It is a novel transformer framework designed to enhance Vision Transformers (ViT) with scale-awareness and refined patch-level feature embeddings. It extracts multiscale features using EfficientNetV2 organizes patches into a graph based on spatial relationships, and refines them with a Graph Attention Network (GAT).

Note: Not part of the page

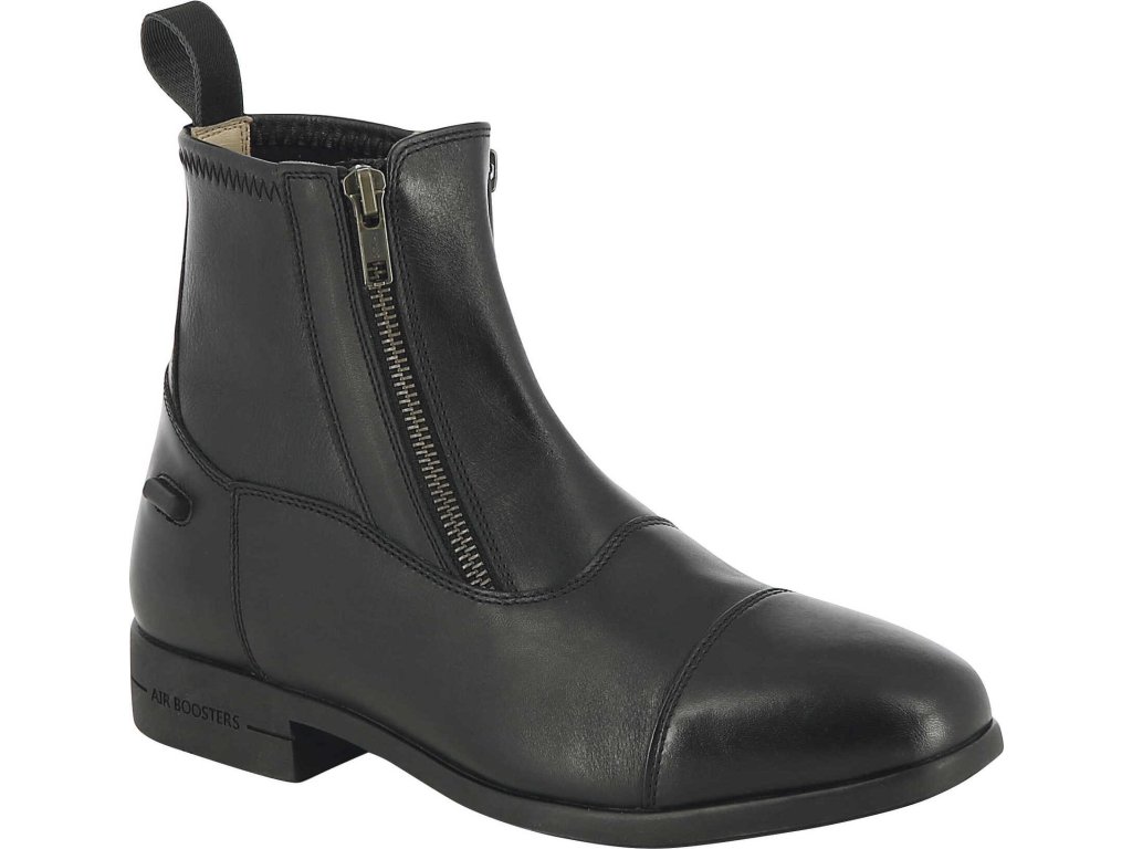 Kožená jezdecká pérka Double Zip nabízejí vysoký komfort, moderní design a výborné tlumení nárazů při chůzi. Jsou vyrobena z kvalitní hovězí kůže a opatřena dvěma zipy YKK pro snadné a rychlé obouvání. Prodyšná polyuretanová podšívka pomáhá udržovat příjemné klima uvnitř boty. Vyjímatelná stélka z měkkého polyuretanu rovnoměrně rozkládá tlak a gelová vložka na patě účinně tlumí nárazy. Předtvarovaná klenba zlepšuje oporu chodidla a zvyšuje pohodlí při dlouhodobém nošení. Speciální protiskluzová gumová podešev využívá dvojitý ventilační systém, který zajišťuje cirkulaci vzduchu v podrážce. Současně vytváří vzduchový polštář s tlumicím efektem pro maximální pohodlí při chůzi.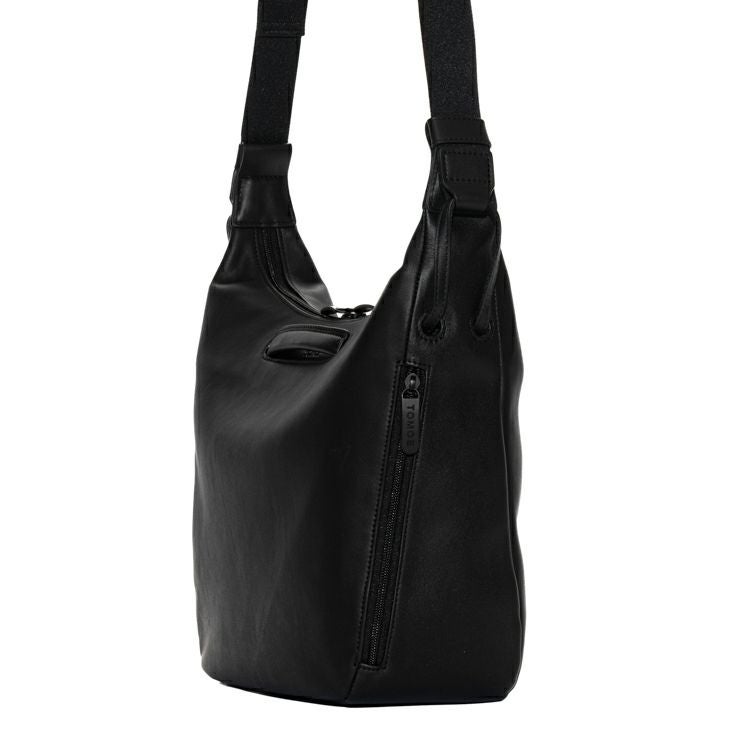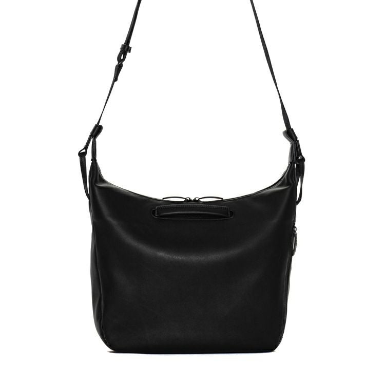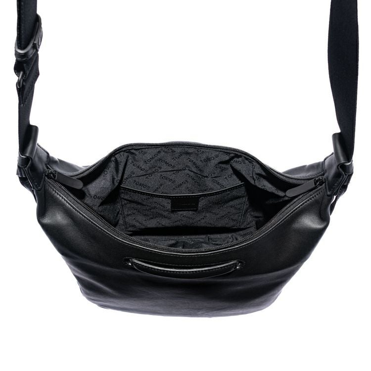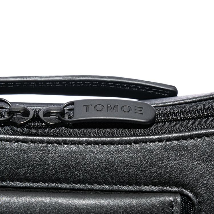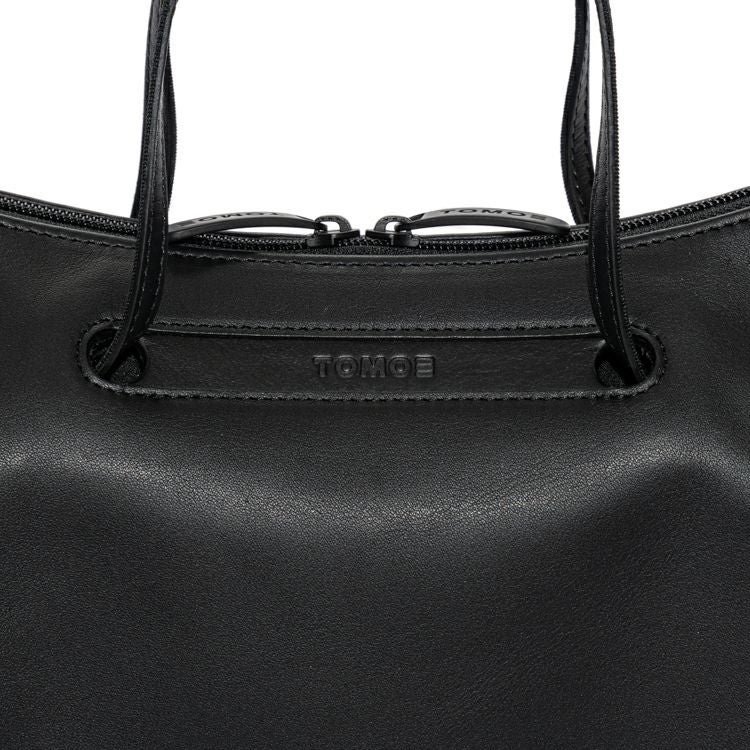 ショルダーベルトとハンドルが一体化した構造で、手持ちの際にハンドルを引き上げると、連結されたショルダーベルトの根元が自然と垂れ下がり、手持ちしやすいフォルムに変化。TOMOEらしい使いやすさを兼ね備えたギミックです。薄くしなやかなソフトレザーを使うことで、軽さも実現。オンオフ、ジェンダーを問わずお使いいただけます。

A Transformer encoder then integrates these embeddings globally, capturing long-range dependencies for comprehensive image understanding.
### Model Architecture

_Image source: [SAG-ViT: A Scale-Aware, High-Fidelity Patching Approach with Graph Attention for Vision Transformers](https://arxiv.org/abs/2411.09420)_
### Usage
SAG-ViT expect input images normalized in the same way,
i.e. mini-batches of 3-channel RGB images of shape `(N, 3, H, W)`, where `N` is the number of images, `H` and `W` are expected to be at least `49` pixels.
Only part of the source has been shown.